Let G be a finite solvable group, and assume that $\Phi(G) = 1$ where $\Phi(G)$ denotes the Frattini subgroup of G. Let M be a maximal subgroup of G, and suppose that $H \subseteq M$. Show that $G$ has a subgroup with index equal to $|M:H|$.
This is question 3B.12 from Finite Group Theory, by M. Isaacs.
Here is my approach so far. I am completely stuck and would welcome any hints or ideas.
Suppose otherwise. Among all of the counter examples choose $G$ of minimum order. Since $G$ is a counterexample it must be the case that $|G| > 1$. Since $G$ is a counter example there is a maximum subgroup $M$ and a subgroup $H \subset M$, such that every subgroup of $G$ does not have the same index as $|M:H|$. So it must be the case that $H$ is properly contained within $M$.
This is where I get stuck. I want to use a minimal normal subgroup $N$ of $G$ which exists. But my argument devolves into a series of cases about whether or not $N$ intersects $H$ and/or $M$ non-trivially.

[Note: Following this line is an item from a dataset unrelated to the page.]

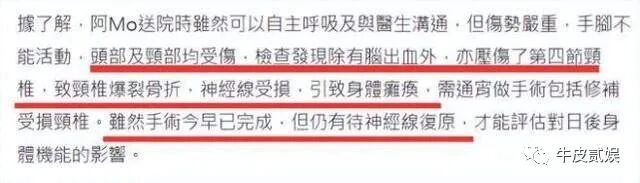 事件发生以后,该成员火速送往了医院,经医院抢救后,这哥们有脑出血的迹象,颈部第四节出现爆裂骨折,并且还曾一度陷入昏迷。

I do know that $G$ must have a non-normal maximal subgroup, since if they all were normal then it would be nilpotent and since G is finite this implies supersolvable, then $G$ would have a subgroup for any divisor of its order. Since $\Phi(G)=1$ is the intersection of all the maximal subgroups of $G$ I suspect this should help but I'm not sure where to go from here.
Best Answer
Yes, I regret that Problem 3B.12 of my group theory book is wrong. It should be replaced by the following:
Let $H \subseteq M \subseteq G$, where $M$ is a maximal subgroup of a solvable group $G$, and assume that the core of $M$ in $G$ is trivial. Show that $G$ has a subgroup with index equal to $|M:H|$.
I. M. Isaacs